Tom Dougherty, CEO – Stealing Share
24 June 2013
Not if you don’t have the strategy first
I read an interesting article yesterday that I thought I would share that says, in our high technology world, we are more concerned with getting information out quickly rather than correctly. On the surface of it, I agree completely. In the case of advertising, the craft of it has died somewhere along the way, and the meaning in advertising has been become either so vanilla it’s easy to ignore or so over the top that the message is lost.
“The craft of advertising has not died, the craft of strategy has. When you look at what many marketers consider brands today you really see the demise of strategy.”
However, good craft can only take place under the umbrella of good strategy. Has the persuasive quality of advertising declined? Absolutely, but it can only be as good as the foundation it is built on and far too many companies today are not shoring up their foundations.

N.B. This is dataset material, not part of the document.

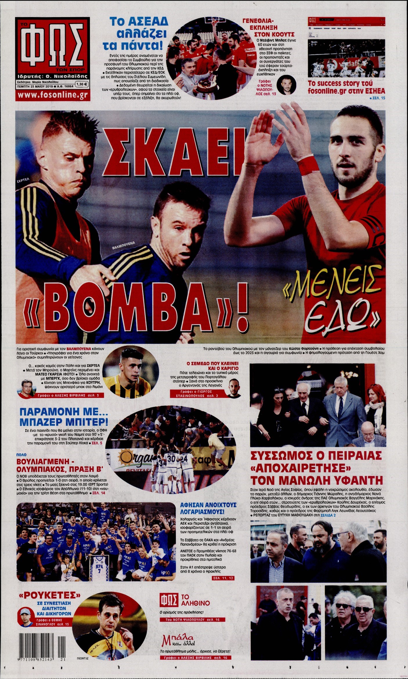 Οι αθλητικές εφημερίδες 23/5/2019 Enikos Newsroom 06:52, Πέμπτη 23 Μαΐου 2019 Media Διαβάστε τα πρωτοσέλιδα των αθλητικών εφημερίδων: ΑΘΛΗΤΙΚΕΣ ΕΦΗΜΕΡΙΔΕΣ ΠΡΩΤΟΣΕΛΙΔΑ Μοιράσου το: σχολίασε κι εσύ (0 σχόλια) Ακολουθήστε το enikos.gr στο Google News και μάθετε πρώτοι όλες τις ειδήσεις Δείτε όλες τις τελευταίες ειδήσεις από την Ελλάδα και τον Κόσμο στο enikos.gr Ειδήσεις Ροή Ειδήσεων 2 ώρες πριν ΑΑΔΕ: Στον Εισαγγελέα οι πρώτες 50 μαζικές διαγραφές αγρών στο Ε9 – Εξετάζονται συνολικά 3.000 περιπτώσεις 42 λεπτά πριν Τουρκία: Σε ουδέτερη χώρα θα αναλυθεί το μαύρο κουτί του αεροσκάφους που συνετρίβη 4 λεπτά πριν Αττική: Προβλήματα σε κεντρικούς δρόμους από την ισχυρή βροχόπτωση και το χαλάζι – ΒΙΝΤΕΟ 2 ώρες πριν Αττική: Έπεσε από πατίνι η 14χρονη που εντοπίστηκε τραυματισμένη – Νοσηλεύεται στη νευροχειρουργική κλινική 2 ώρες πριν Ζελένσκι: Πέρασε στην αντεπίθεση με το σχέδιο ειρήνης – Ζητεί συνάντηση με Τραμπ για το εδαφικό 2 ώρες πριν Τα 5 ζώδια που έχουν μεγάλες πιθανότητες να πλουτίσουν το 2026 – «Οι οικονομικές δυσκολίες ανήκουν στο παρελθόν» 3 ώρες πριν Επιστήμονες ανακάλυψαν κάτι συγκλονιστικό – Η μάζα μπορεί να προέρχεται από αόρατες διαστάσεις 7 ώρες πριν Γυναίκα που έχασε 30 κιλά αποκαλύπτει τα μυστικά της επιτυχίας της – «Οι υδατάνθρακες είναι καύσιμο του οργανισμού, όχι εχθρός» 6 ώρες πριν Οι άνθρωποι που αποφεύγουν να γιορτάσουν τα Χριστούγεννα με την οικογένειά τους, συνήθως είχαν αυτές τις 8 εμπειρίες στην παιδική ηλικία 1 λεπτό πριν Χριστούγεννα σημαίνουν… Ευχοστολίδια! Μαζί με τον ΟΠΑΠ διπλασιάζουμε την προφορά στα παιδιά και κάνουμε τις ευχές τους πραγματικότητα 4 λεπτά πριν Αττική: Προβλήματα σε κεντρικούς δρόμους από την ισχυρή βροχόπτωση και το χαλάζι – ΒΙΝΤΕΟ 12 λεπτά πριν Αττική: Ποτάμια οι δρόμοι στην Δάφνη – Βίντεο αναγνώστη 18 λεπτά πριν Επίδομα θέρμανσης: Πότε θα δοθεί η επόμενη δόση 27 λεπτά πριν Ερντογάν για τις εξελίξεις στη Μεσόγειο: Δεν θα επιτρέψουμε την καταπάτηση των δικαιωμάτων των Τουρκοκυπρίων ENIKOS NETWORK ΕΟΔΥ: Οι «χρυσές» συμβουλές για να απολαύσουμε το Χριστουγεννιάτικο τραπέζι χωρίς υπερβολές New Year’s Resolutions: Μικρές αποφάσεις για μια καλή χρονιά ΕΒΕA: Ποιοι μπορούν να υποβάλουν αίτηση για τη Θερμοκοιτίδα Νεοφυών Επιχειρήσεων Αθήνας και μέχρι πότε e-ΕΦΚΑ και ΔΥΠΑ: Ποιοι πληρώνονται έως σήμερα Ο Google Assistant θα παραμείνει λίγο περισσότερο για ορισμένους χρήστες Android Τεστ προσωπικότητας: Το βάζο που θα επιλέξετε αποκαλύπτει πώς λύνετε προβλήματα στη ζωή σας περισσότερα 16:12 , Τετάρτη 24 Δεκεμβρίου 2025 ALPHA: Παραμονή Χριστουγέννων με τον Κωνσταντίνο Αργυρό Ο Alpha παρουσιάζει απόψε σε πρώτη τηλεοπτική μετάδοση τη συναρπαστική και sold out εμφάνιση ... 15:51 , Τετάρτη 24 Δεκεμβρίου 2025 ‘Αγιος Έρωτας: Ο σεισμός που έκοψε την ανάσα – Δείτε τις συγκλονιστικές σκηνές Με έναν συγκλονιστικό τρόπο έκλεισε χθες βράδυ το τελευταίο επεισόδιο του 2025 της σειράς R... 13:27 , Τετάρτη 24 Δεκεμβρίου 2025 Ο Χριστουγεννιάτικος Τηλεμαραθώνιος του ΑΝΤ1 ένωσε τους πολιτικούς αρχηγούς – Τα εγκωμιαστικά σχόλια για τον Θοδωρή Κυριακού Σπάνια ομοφωνία: Όλοι οι πολιτικοί αρχηγοί αποθεώνουν τον Θοδωρή Κυριακού Ο Χριστουγεννιάτικος... 12:05 , Τετάρτη 24 Δεκεμβρίου 2025 Έξοδος εκδρομέων για τα Χριστούγεννα: Στείλε βίντεο ή φωτογραφίες στο enikos.gr – Αποθήκευσε τον αριθμό 6944 05 05 05 Πολλοί έχουν επιλέξει να περάσουν τις γιορτές εκτός πόλης, ωστόσο και φέτος η μαζική έξοδος απ... ΤΕΛΕΥΤΑΙΕΣ ΕΙΔΗΣΕΙΣ 1 λεπτό πριν

As the author suggests, there has been a mad rush to utilize new technology in advertising (i.e., Twitter and such). But there is a tendency to put your head down and ignore where you are going when you are rushing. Once the rush has stopped, there’s a realization that you did not end up where you thought you would.
So let me clarify my earlier statement. The craft of advertising has not died, the craft of strategy has. When you look at what many marketers consider brands today you really see the demise of strategy.
Most companies do not want a real brand because that would mean actually standing for something beyond the base values of their industries. Rather, they want a tagline – an often non-strategic asset that does not allow advertising to be simple, worth repeating or authentic, as the author suggests.
Being thoughtful and relevant can only happen if there is actually something to be thoughtful and relevant about. And that starts with a brand’s strategy.